Securities Law Updates | New Settlements and Verdicts
May 8, 2009
Fl Court Enters $3.15M Judgment Against James in Ponzi Scheme Suit
Securities and Exchange Commission v. Anthony A. James and James Asset Advisory, L.L.C.
No. 08-61516-CIV-ALTONAGA/BROWN, U.S. District Court for the Southern District of Florida, 3/23/2009
Holding:
The Securities and Exchange Commission (“SEC”) announced that on March 23, 2009, the United States District Court for the Southern District of Florida, entered a final judgment ordering Anthony A. James to pay $2,390,487.45 in disgorgement, plus prejudgment interest of $84,620.10 and a $130,000 civil penalty in connection with his scheme to misappropriate client funds and operate a Ponzi scheme. James is the principal of James Asset Advisory, L.L.C. (“James Asset”), an investment advisory firm, which is also impleaded as a defendant in the civil suit. James had previously consented to a judgment of permanent injunction and other relief in connection with the scheme enjoining him from future violations of Section 10(b) of the Securities Exchange Act of 1934 (“Exchange Act”), and Rule 10b-5, thereunder, and Sections 206(1) and 206(2) of the Investment Advisers Act of 1940 (“IAA”). The district court entered the injunction on September 25, 2008.
Detailed Summary:
On September 24, 2008, the SEC filed a civil injunctive action against James and James Asset for misappropriating client funds and operating a Ponzi scheme.

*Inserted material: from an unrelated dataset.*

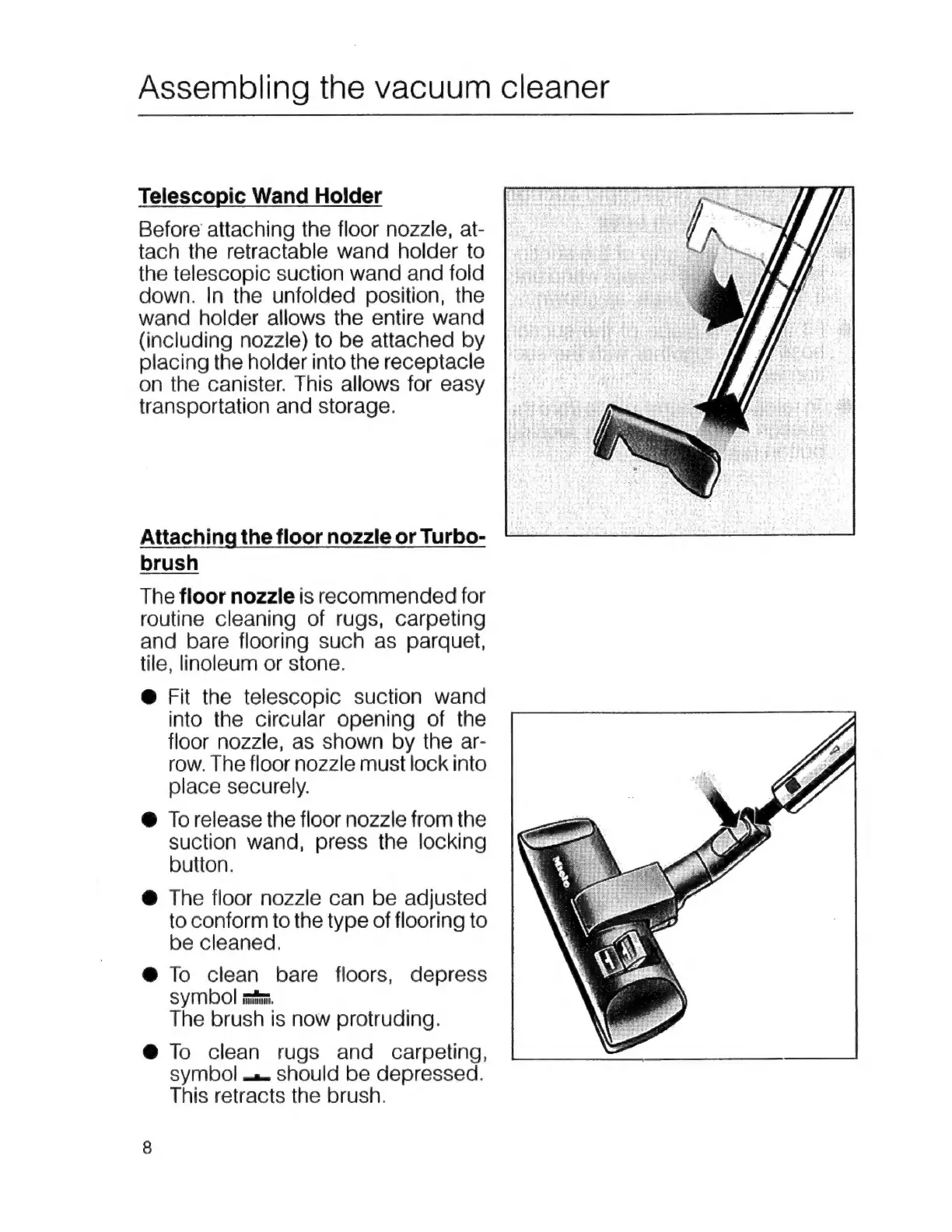 Miele S 280i - Telescopic Wand Holder and Adjustments; Floor Nozzle Adjustments

The SEC’s complaint alleged that from at least April 2001 through January 2008, defendants received at least $5.2 million from at least 44 clients who were told by defendants that client monies would be invested in stocks, bonds, and mutual funds.
According to the complaint, defendants never invested any client funds in the stock market or other investments. Instead, James misappropriated at least $2.4 million in client monies to fund his lavish lifestyle, including the purchase of a six-bedroom, 5,000 square foot home, a luxury condominium, a Porsche sports car, and season tickets to the Miami Heat games.
SEC also asserted in its complaint that, like a classic Ponzi scheme, defendants transferred approximately $2.8 million from new clients to existing clients to repay principal or to create the illusion of profitable trading. In addition, to facilitate and otherwise conceal ftheir raud, the complaint added, defendants provided clients with false account statements reflecting securities holdings and returns that did not exist.
The SEC’s complaint charged James and James Asset with violating Section 10(b) of the Exchange Act and Rule 10b-5 thereunder, and Sections 206(1) and 206(2) of the IAA.
On February 26, 2009, the SEC dismissed, with prejudice, its claims for disgorgement, prejudgment interest and a civil penalty against James Asset because the company is defunct and had no assets from which a judgment could be collected.